Prosody Templating — Odysseus Development Blog

O.K., that’s enough ranting about the W3C. Especially since I believe what they’re doing is extremely valuable in that it allows not just one but two vibrant markets to survive — websites and browsers. Their open standards not only allow people to easily publish their knowledge and entertainment for pennies (if that), but it also allows new operating systems to incorporate that value in a way that best works with their User eXperience (UX). Ofcourse it also allows third parties to succeed in building their own browsers and thereby keep us¹ on our toes, despite the lack of value they tend to place on a native UX.

If this page looks too wordy for you, the summary is nice and brief.

Prosody Templating Language

So now let’s discuss Odysseus itself, specifically a templating language I wrote for it I call “Prosody”. I use this language to generate internal pages for Odysseus (error pages, view source, and whatnot), and hope to one day soon integrate it with SQLite to aid the development of useful navigation aids. It’s syntax is based on Django’s but with it’s own set of tags and filters.

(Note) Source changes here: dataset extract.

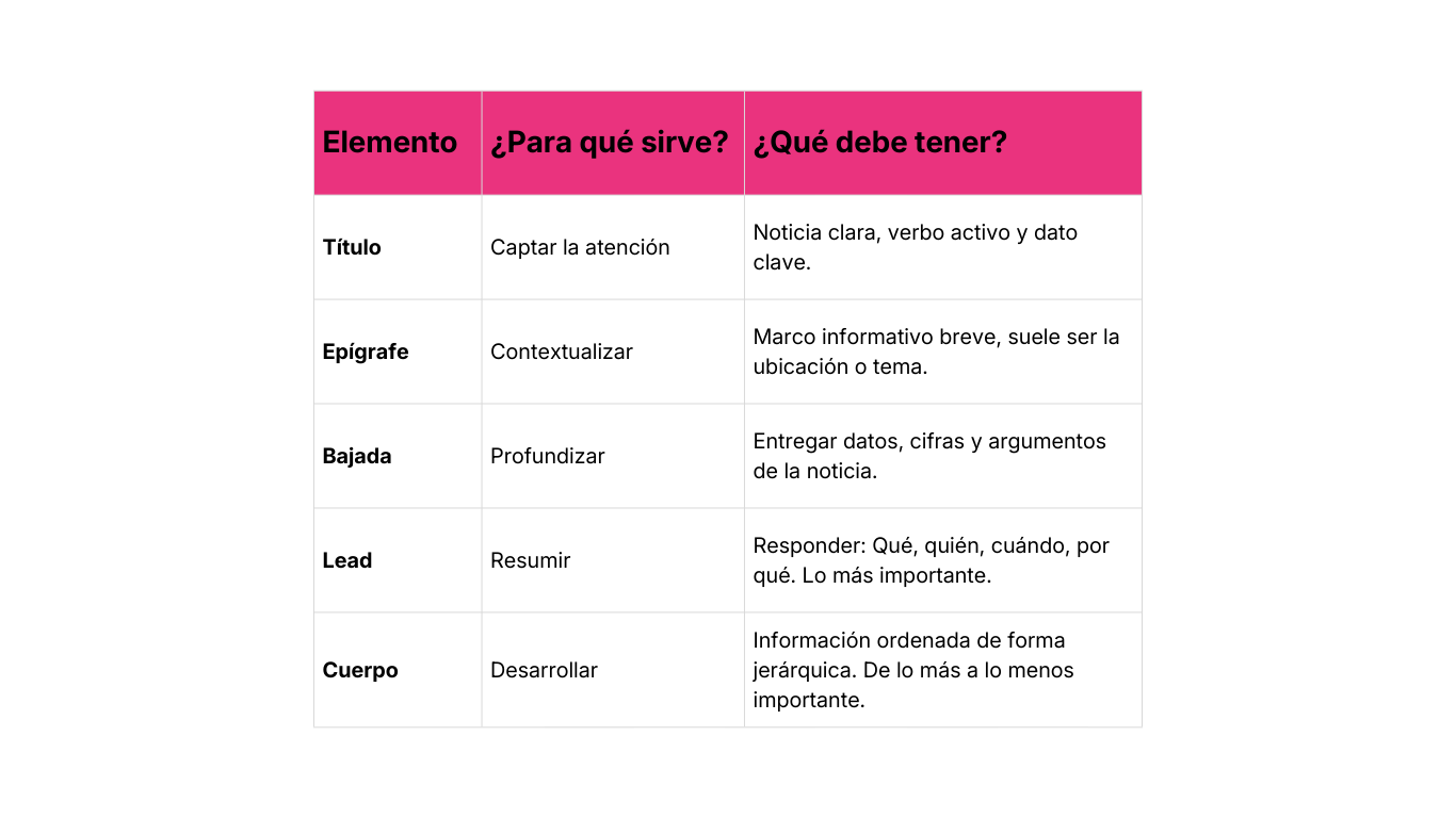 Un buen título es claro, preciso y simple. Evita la ambigüedad y el tono narrativo: en vez de atraer, suelen generar desinterés. Lo recomendable es escribir en presente, con verbo activo, e incluir lo más noticioso de la información: una cifra, un anuncio, un estudio o un hito relevante.

The reason I went for a templating language over, say, a Gtk.Stack is to give a more webby feel to several relatively peripheral UI components. And I used a Django-like syntax as it was easy to extend with new tags and filters, such as (eventually) a query tag which evaluates contained SQL against an SQLite database.

How does Prosody work?

At the core of Odysseus is a concept of a “smartsplitter”. The smartsplitter splits some text into tokens by some seperator, providing that seperator isn’t in a quoted string. After several attempts at implementing this using regular expressions I settled on utilizing two loops — an inner loop which scans quoted strings and an outer loop which scans to the next seperator.

Around that it was trivial to scan for “{“ charactors, parse tags/variables, parse their arguments, and parse variable expressions complete with filters. From here parsing was done by having the tokenizor dispatch to factory classes (similar to how it’s implemented in Django) which may then recurse back into the tokenizor to implement block tags like for/in or even more commonly call into the variable scanner/parser.

Evaluating Prosody templates is done the theoretically slow yet obvious OO way — method calls on it’s AST nodes. However some (perhaps premature) optimization was done in that the parser and interpretor both avoids reallocating strings. This was done because whereas passing pointers around is fast, reallocating strings not only involves copying bits from one location to another but also finding where there’s enough room in RAM to do so. While GLib (particularly for fixed-size objects) and GNU LibC put a good amount of effort into making this fast, a modern CPU will always find copying pointers around faster².

Also that optimization was put in because I was fealing guilty about putting an unoptimized piece of code between two extremely well-tested and optimized codebases in WebKit and SQLite.

Those AST nodes in turn call into interfaces representing the datamodel (which mostly serves to coerce data between dictionaries, lists, numbers, and text) and an output stream. The main thing that Prosody output stream adds over GIO’s is that it hides any errors that may occur, thereby simplifying the interpretor. Hiding errors may generally be a bad idea, but here the errors shouldn’t occur and there’s very little the interpretor can and should do about errors except pass them on.

At this layer measures are taken to ensure that loading a template will not freeze Odysseus’s UI. Specifically these measures involve setting the mainloop priority for template rendering to be really low. Prosody can offord this slowdown because simply by being on the local computer it is otherwise quite fast, and as such it should make way for real webpages with already high latencies due to the Internet.

WebKit integration

It’s all great to have a templating language but the whole point of this is to get a webby aesthetic. A large part of achieving that is to make sure WebKit can fetch these dynamically generated pages by a URL.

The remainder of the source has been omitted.